Size and genetic composition of the training and validation sets
We simultaneously assessed the impact of the size and genetic participation of G0 and G1 individuals in the training set (TS) and validation set (VS) of the genomic prediction models. Regarding TS/VS sizes, we divided all 1,117 (G0 and G1) individuals into five different size groups with a ratio of TS to VS of 1:1, 2:1, 3:1, 4:1 and 9:1. The corresponding sizes of the TS/VS were respectively 558/559, 743/374, 836/281, 892/225 and 1003/114. Within these pre-established size compositions, four scenarios of the participation of G0 and G1 individuals were evaluated to assess the impact of varying the degrees of relationship and diversity between TS and VS. In the first scenario (CV1) assignment of individuals to either TS or VS was random. For the second scenario (CV2) all G0 parents were assigned to the TS and complemented with G1 individuals up to the required number in the set, while the VS was composed exclusively of G1 individuals. The third and fourth scenarios were built based on minimizing and maximizing relatedness between TS and VS. The relatedness-based assignment of individuals was determined using the procedure described in Spindel et al. [9]. Briefly, 1,117 individuals were assigned to 182 clusters based on genotypes using the k-means clustering algorithm, a method that attempts to minimize the distance between individuals in a cluster and the centre of that cluster. Using the relatedness estimates, CV3 was then built by assigning individuals to TS and VS based on dissimilarity, such that individuals from the same cluster were not allowed to be both in the same TS or VS. For CV4 individuals from same cluster were forced to be either in the TS or VS [9].
Genomic prediction models
We evaluated the effects of the five statistical methods (GBLUP, rrBLUP, BL, RKHS and ABLUP), five TS/VS sizes and four TS/VS composition scenarios (5*5*4 = 100 models in total) on the predictive ability (PA) of genomic prediction. For each of the 100 models, 200 replicate runs were carried out for each trait and the performance of the models were evaluated in terms of their , which is defined as the Pearson correlation between the adjusted phenotypes and the GEBVs of the samples in the VS. ANOVA was performed on 80 out of 100 models tested (20 ABLUP models excluded) to partition the variance into different sources, with all effects declared as fixed, comparing all the sources of variation (genomic prediction method, TS/VS size and genetic composition). Significant differences found were further assessed by means of a paired t tests (α = 5%), adjusted by a Bonferroni correction. The 80 models as described above were used for assessing the impact of TS/VS composition and TS/VS size, while all 100 models were used to evaluate the statistical methods against ABLUP. All available SNPs were used in all the analyses of these models.

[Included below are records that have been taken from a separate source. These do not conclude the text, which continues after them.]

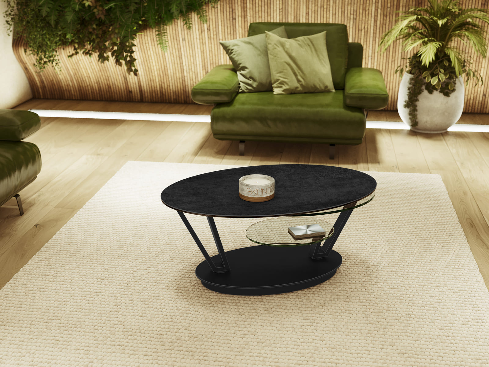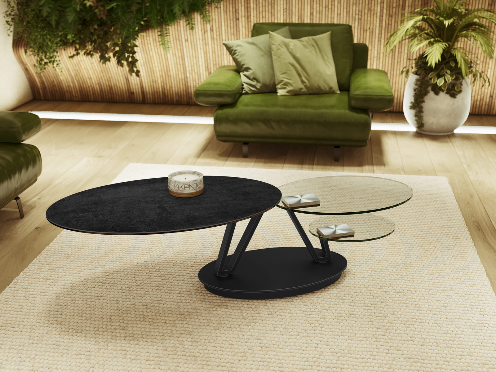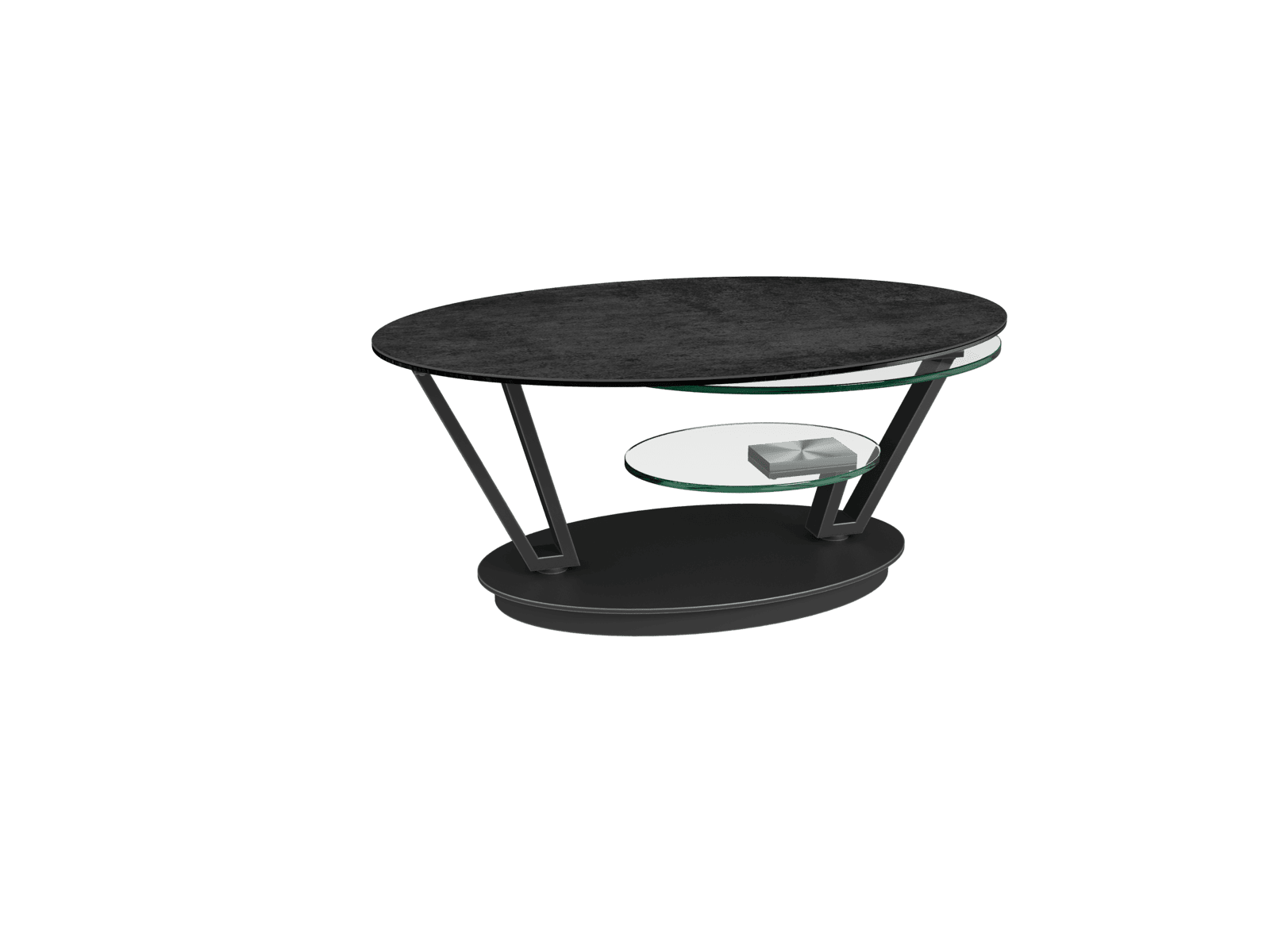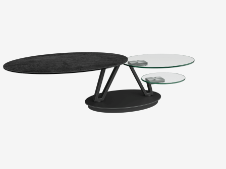 La table basse Fira allie parfaitement design et fonctionnalité. Elle est dotée de trois plateaux mobiles de forme ovale. Le plateau supérieur est en céramique Titane de 3 mm, collée sur un verre de 6 mm. Les deux plateaux inférieurs sont en verre trempé de 10 mm. Ajustez l'ouverture des plateaux selon vos envies, en toute simplicité. Sa structure élégante et ajourée est conçue en acier laqué noir mat, elle apporte une touche de modernité à l'ensemble de cette table basse. Fira mesure 95 cm de longueur lorsque les plateaux sont refermés, elle peut s’étendre jusqu’à 1,5 mètre de long lorsque les 3 plateaux sont déployés.
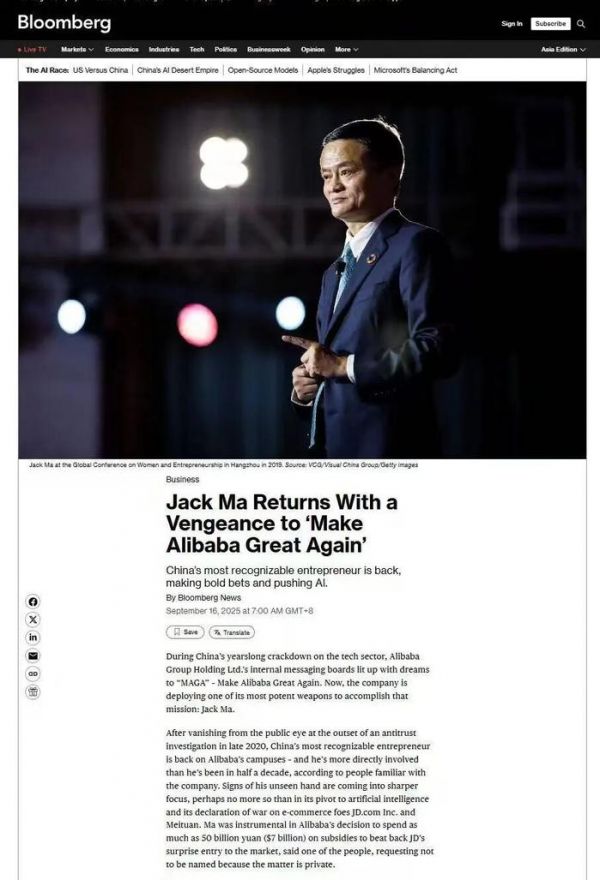 报道标题还起得挺“耸动人心”——《马云带着复仇之心回归,让阿里巴巴再次伟大》。
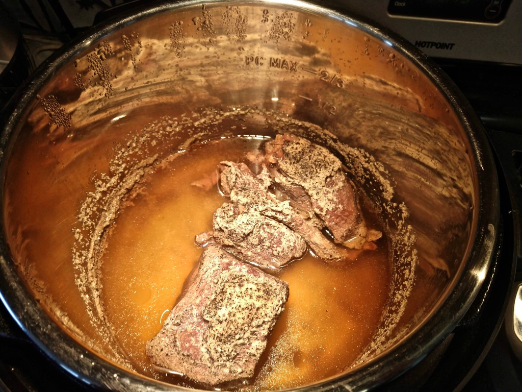 Place the roasts in an Instant Pot and add seasoning and 2 cups of water. Set the Instant Pot to pressure cook on high for 1 hour. Release the steam and add the veggies cut into chunks. Reset the pressure cooker for 10 minutes and then serve or let it slow cook on low until dinner! There is great broth in the bottom of this dish that I like to save and use later as a gravy base or for a soup.
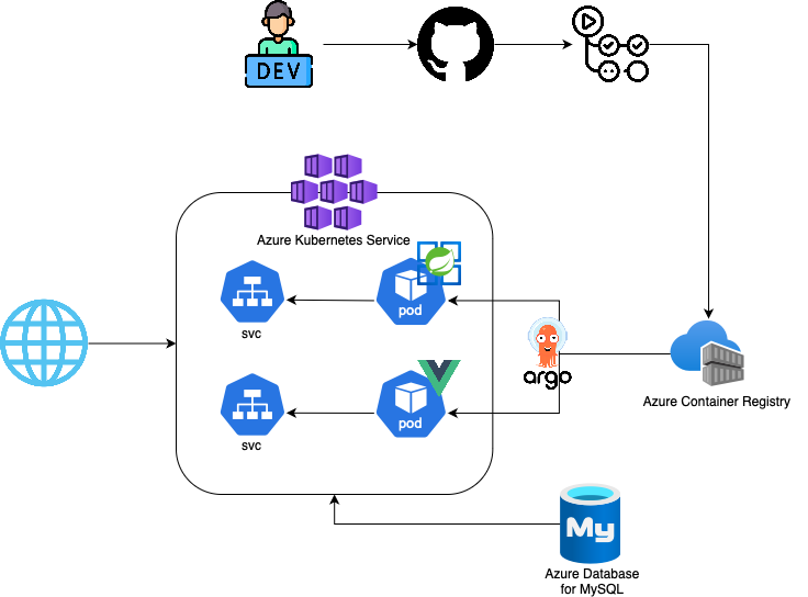 대부분의 CI/CD 파이프라인과 Azure 리소스 자원이 찍힌 상태로 아키텍쳐는 위와 같다. 위 구조로 서비스를 배포하고 서비스에 접속하니 하나의 에러와 마주쳤다.
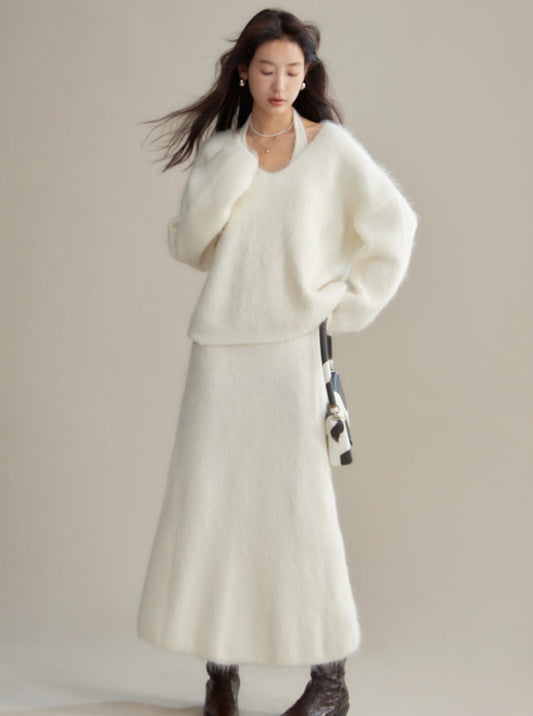 Pullover sweater halterneck dress set
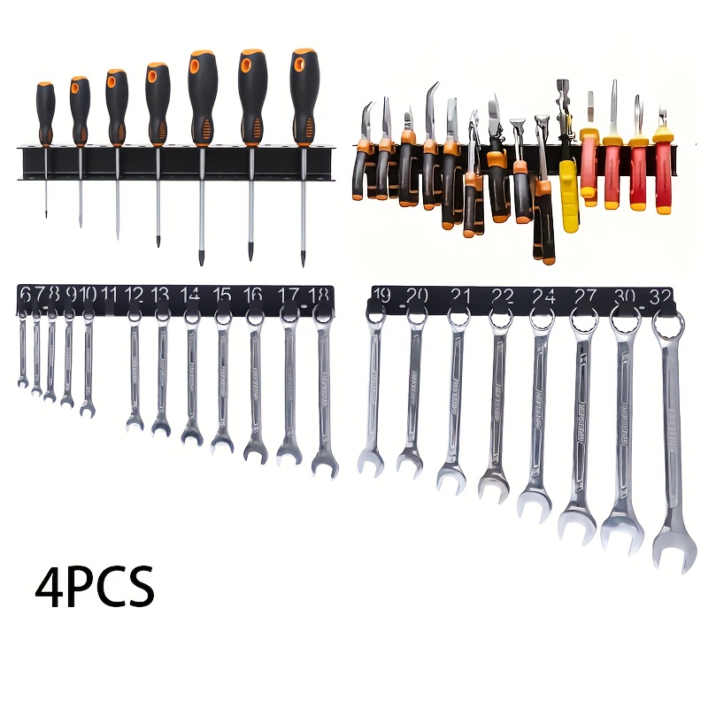 TEMU 4개입 고강도 금속 렌치 & 스크루드라이버 & 플라이어 정리대 벽걸이형 공구 보관 랙 - 고강도 차고 작업장 정리함 (걸이 후크 포함)
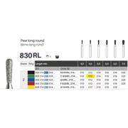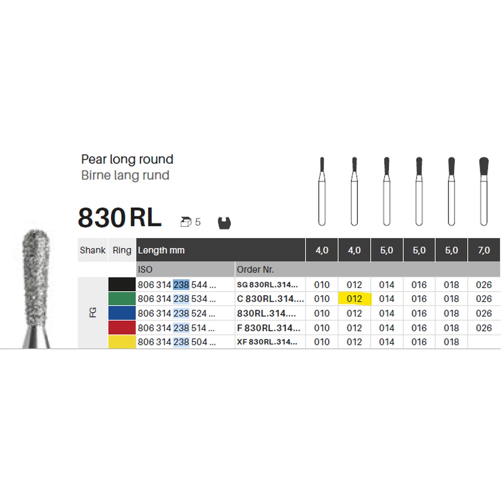 Diamantbor med flere diamantlag i den skærende del, så boret er mere holdbart, effektivt og stabilt. Med "Multilayer Diamond Instrument Guarantee" som er producentens garanti for et bor med en god skære-evne over længere tid. Til præparation, til FG, lang, rund pæreformet, grov med grøn ring, hovedlængde 4 mm, 238/012 C (830RL).
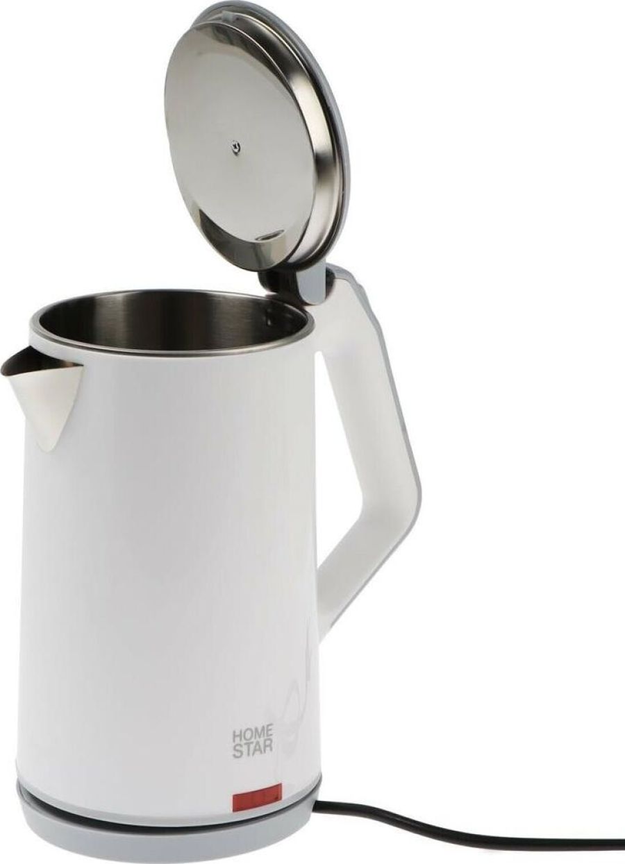 HOMESTAR HS-1036 (1,8 л) белый, двойной корпус Объем, л 1.8 Мощность (Вт) 1500 Материал корпуса нержавеющая сталь/пластик Фильтр от накипи есть Защита от включения без воды есть Подсветка воды нет LED-индикатор работы да Тип управления механический Цвет корпуса белый Нагревательный элемент закрытый (спираль) Вес нетто, кг 1,23

Numbers and genomic location of SNPs subsets
We finally assessed the impact of the number of SNPs and their locations (gene vs. intergenic region) on the PA of genomic prediction models. 12 subsets with different numbers of SNPs were generated by randomly selecting 10, 20, 50, 100, 200, 500, 1,000, 2,000, 5,000, 10,000, 20,000 and 41,304 SNPs from all the available SNPs. For SNP location, SNPs subsets located in different regions of the genome were established by including SNPs located in four different regions: (i) coding sequences (CDS) only (11,786 SNPs); (ii) entire genic regions including CDS, UTRs, introns, and sequences 2kb up and downstream of the gene (30,405 SNPs); (iii) intergenic regions (10,899 SNPs), and (iv) all 41,304 SNPs. The location of each SNP was obtained by mapping SNPs onto E.grandis genome database using SnpEff [41]. Genomic prediction models were built for all four TS/VS compositions using only the two statistical methods (GBLUP and RKHS) that showed optimal predictive performance in the previous analyses, and the TS/VS size ratio of 4:1 (892/224) were used on the PA evaluations.
Results
Phenotypic trait correlations
Growth (height, volume, and CBH) and wood properties (basic density and pulp yield) were measured for all 168 G0 and 949 G1 individuals. The raw phenotypic data were adjusted using a mixed linear model to minimize the impacts of environment and age differences. The pairwise correlations between the adjusted traits were described by calculating Pearson correlation coefficients (Figure 1). Growth traits were correlated with each other. Interestingly, however, while CBH and volume at age three and six years were highly correlated (r = 0.92 and 0.95 respectively), height at age three was only weakly correlated with height at age 6 (r = 0.36). For wood properties traits, basic density was negatively correlated with pulp yield, although weakly (r = -0.28). Growth traits showed no correlations with wood traits (r = - 0.1 to 0.1).
Breeding population structure and relatedness
Population structure across G0 and G1 individuals was assessed by PCA based on 10,213 LD-pruned, independent SNPs (r2<0.2). The first two PCs explained 6.07% and 3.8% of the total genetic variance (Figure 2a) and clearly separated the G0 individuals of the two species, E.grandis and E.urophylla, with the E.grandis individuals further subdivided into two subgroups likely representing the two main provenances used in breeding programs in Brazil. The G1 individuals were generally projected into the space defined by their parents, but with a few outliers. The expected pedigree-based and realized genomic-based genomic relationships among G0 and G1 individuals were visualized in heatmaps (blue and red in Figure 2b, respectively). The result of the genomic relationship analysis corroborated the PCA result, in which E. urophylla was clustered into a single group, whereas E. grandis formed two subgroups. The average values of the realized genomic relationships among what were considered to be full-sibs, half-sibs and unrelated individuals from the pedigree data were generally lower than the expected relationships values (0.309 vs. 0.5, 0.131 vs. 0.25 and .0056 vs. 0, respectively) (Table 1). This result suggests that pedigree errors were likely present in this population. These putative pedigree errors in turn negatively affected the pedigree-based trait heritability, which were considerably lower than those estimated using genomic-based realized genomic relationships (Table 2).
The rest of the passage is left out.